Alloush has requested the Egyp­tian government provide observers in order to give the peacekeepers an Arab identity, but Cairo remains hesitant about committing such a force, fearing for the lives of its sol­diers, who are engaged in a vicious war with ISIS in the Sinai Penin­sula.

Ghouta has long been a battle­field in times of social unrest and conflict. Ninety-two years ago, hundreds of residents took up arms against colonial France, joining a military uprising launched from the Druze Mountain.

In October 1925, 400 rebels from Ghouta marched on Damas­cus, planning to arrest the French High Commissioner Maurice Sar­rail, whom they hoped to find at the historic Azm Palace, a splendid 18th-century residence of Ottoman governors. They were led into a trap, however, and French troops sealed off the entrances of the Old City, slaughtering the rebels at the palace and in the adjacent Bzurieh Market.

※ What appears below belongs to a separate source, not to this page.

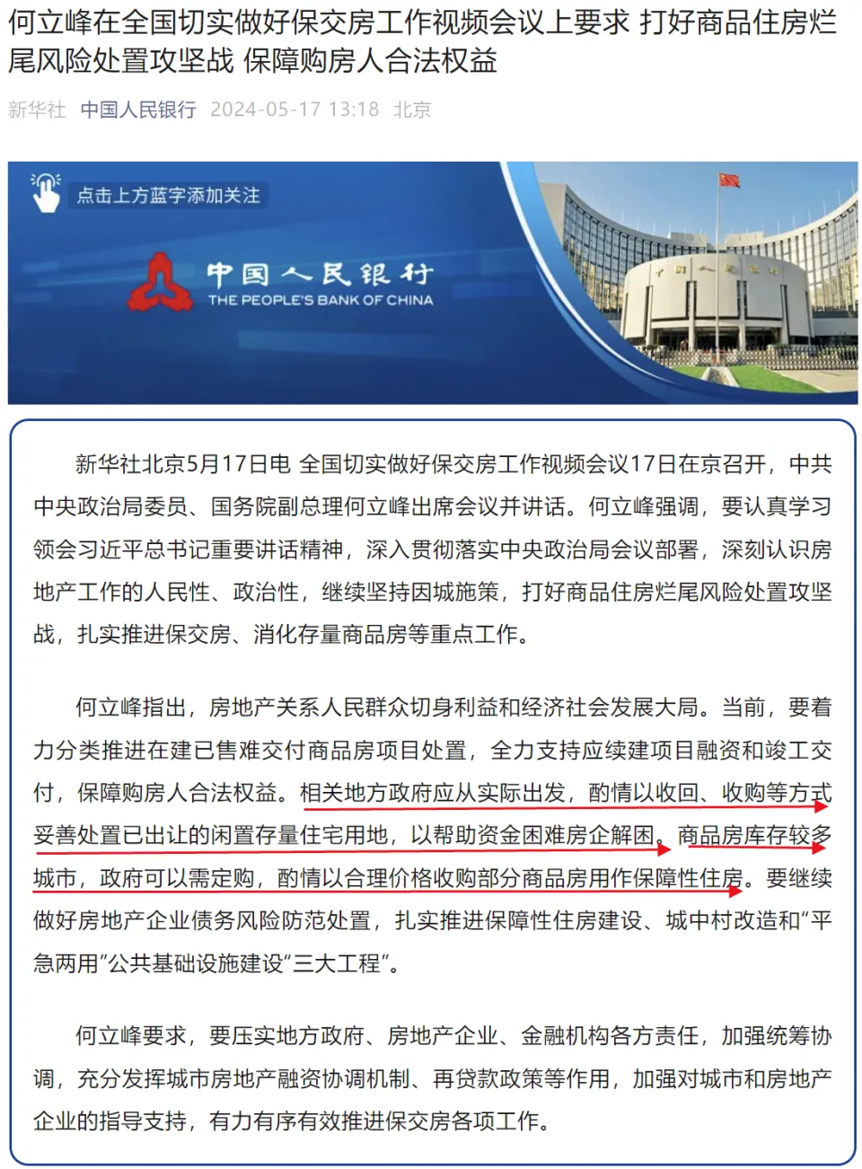 作者:余飞 01 楼市进入新期间 大招如约而至,5月17日,肯定是载入中国楼市史册的一天。 其紧张性重要体现在两点: 第一,超汗青力度的救市。 昨天一天四箭齐发,降首付、降利率、降公积金利率、收储。 1、取消天下个人住房贷款利率下限 2、公积金贷款利率下调0.25个百分点 3、首套、二套的首付比例分别下调至不低于15%、25% 4、地方当局收购及商品房用作保障房,接纳回购房企闲置的住宅用地 其中,首套房首付降至15%,二套房降至25%,这两个比例都是房地产商业化以来的最低比例。 别的,收储一事,也是汗青性的活动。只管昨天公布的收储细则和之前传出的小作文存在力度上的大落差,但活动的意义非凡。 第二,对待楼市全新的态度与表态。 本年3月份的国常会上对楼市有过一次新表述,“房地产产业链条长、涉及面广,事关人民群众切身优点,事关经济社会发展大局。” 当时本号就说过,这句表述是中心对待楼市态度的大变化,是将楼市的职位再次扶正。 这一次,表述更加新颖。 昨天上午的“天下切实做好保交房工作视频集会”,国务院副总理何立峰夸大: 深刻熟悉房地产工作的人民性、政治性,继承对峙因城施策,打好商品住房烂尾风险处理攻坚战,扎实推进保交房、消化存量商品房等重点工作。 这意味着,稳固楼市酿成了一项政治任务。 02 统统为了去库存 下面来看看详细措施。 央行直接三箭齐发,降首付、取消首套房与二套房商业贷款利率下限、下调公积金利率。 三箭实在就是两箭,由于公积金和商业贷款的差别,才各自夸大,实在就是两个大招,降首付、降利率。 这是一套组合拳,一句话概括就是鼓励加杠杆的同时,给你减轻按揭负担。 降首付,让你上车门槛更低。在履历了客岁那轮降首付之后,大部分都会的首套房首付都降至20%,二套房降到了30%。 现在进一步下调,两个首付都下调了5个百分点。 门槛变低了。以300万一套的房子来说,之前以首套房资格购买,首付得60万,以二套房资格购买,首付得90万。 降首付后,以首套房资格购买首付只需45万,以二套房资格购买首付只需75万。 然而降首付大概说加杠杆的同时,也增长了贷款额度。之前如果首套房,贷款最多80%,也即240万,现在可以最多贷款255万。 如果只是降首付,根本调不动大众去买房,由于这是喊你去加杠杆,门槛虽低,成本反倒在增长。 以是,在低落首付的同时,共同着降利率。取消了首套房和二套房的商业贷款利率下限。 详细下调多少,各都会自己看着办。 以是,可否变动购房积极性,关键看利率降幅。如果利率降幅终极的结果减轻了购房总成本,对推动大众入场购房有积极意义。反之,则结果则会没有。 市场专家预测,政策落地后,大多数都会房贷利率大概降落0.3个至0.4个百分点;按照100万贷款、30年限期、等额本息还款方式盘算,总利息付出可减少7万余元;改善性需求住房的利息付出会减少更多。 去库存的另一个大招,是收储。 昨天的集会上,官方夸大: 相干地方当局应从现实出发,酌情以收回、收购等方式妥善处理已出让的闲置存量住宅用地,以资助资金困难房企解困。商品房库存较多都会,当局可以需定购,酌情以合理价格收购部分商品房用作保障性住房。 定语是“商品房库存较多都会”。按照克而瑞披露的最新数据表现: 武汉4月份商品住宅狭义库存1865万平方米,位居天下第一,去化周期42个月。库存量前十都会还有成都、青岛、天津、广州、北京、西安、长春、佛山、深圳。 前九的都会,库存量都在1000万平方米以上。 这些都会接下来必然会有动作,但动作都不会太大。 由于文件表述中,用了两个关键词“酌情”、“部分”。这就大大化解了这个大招的力度,尤其是对回购商品房。 之前市场传出的小作文,是鼓励地方当局回购尚未卖出的存量商品房,而且是大规模回购。 然而从现在的表态来看,显然动作不会太大,还是小规模。 之后发布的细则,也佐证了力度不会太大的究竟。 央行昨天公布: 将设立3000亿元保障性住房再贷款,鼓励引导金融机构按照市场化、法治化原则,支持地方国有企业以合理价格收购已建成未出售商品房,用作配售型或配租型保障性住房。 发放对象包罗国家开发银行、政策性银行、国有商业银行、邮政储蓄银行、股份制商业银行等21家天下性银行。银行按照自主决策、风险自担原则发放贷款。人民银行按照贷款本金的60%发放再贷款,可动员银行贷款5000亿元。 这点钱对于几万亿市值的商品房库存,杯水车薪,根本撬不动。 国家统计局公布的最新数据表现,4月末,商品房待售面积74553万平方米,同比增长15.7%。其中,住宅待售面积增长24.5%。 制图:都会财经;数据:国家统计局 之以是不会大规模回购,重要还是财力不敷。 已往三年里,有部分都会在实行利用自身的财务兜底,回购商品房,但也仅仅是实行而已,并没有什么像样的动作。 房地产下行之下,大多数都会的财务都左支右绌。 更为紧张的是,不少地方当局已经陷入了债务泥淖。 客岁年末被点名的12个地域天津、内蒙古、辽宁、吉林、黑龙江、广西、重庆、贵州、云南、甘肃、青海、宁夏,更是被紧张直接要求化债,除根本民生工程外, 2024年不得出现新开工项目。 以是,我们看到,当下地方当局都不怎么敢举债。反映在数据上,便是4月份的社融负增长了。 央行前两天披露的数据表现,2024年前四个月社会融资规模增量累计

Much of the palace was destroyed and more than 500 Syrians were killed in 48 hours of non-stop bom­bardment. Entire villages in Gh­outa were razed and local leaders in the Damascus countryside were rounded up and shot or hanged in public.

By 1927, the insurgency in Ghou­ta had come to an end, fizzling out pretty much like what is happen­ing today. After signing off on the ceasefire agreement in Cairo last July, Mohammad Alloush tweeted what read like a quasi-obituary for his troops, saying that Ghouta had been the “heart and climax of the revolution,” adding: “After four years and four months, it is time for this siege to be lifted.”


Sami Moubayed is a Syrian historian and author of Under the Black Flag (IB Tauris, 2015). He is a former Carnegie scholar and founding chairman of the Damascus History Foundation.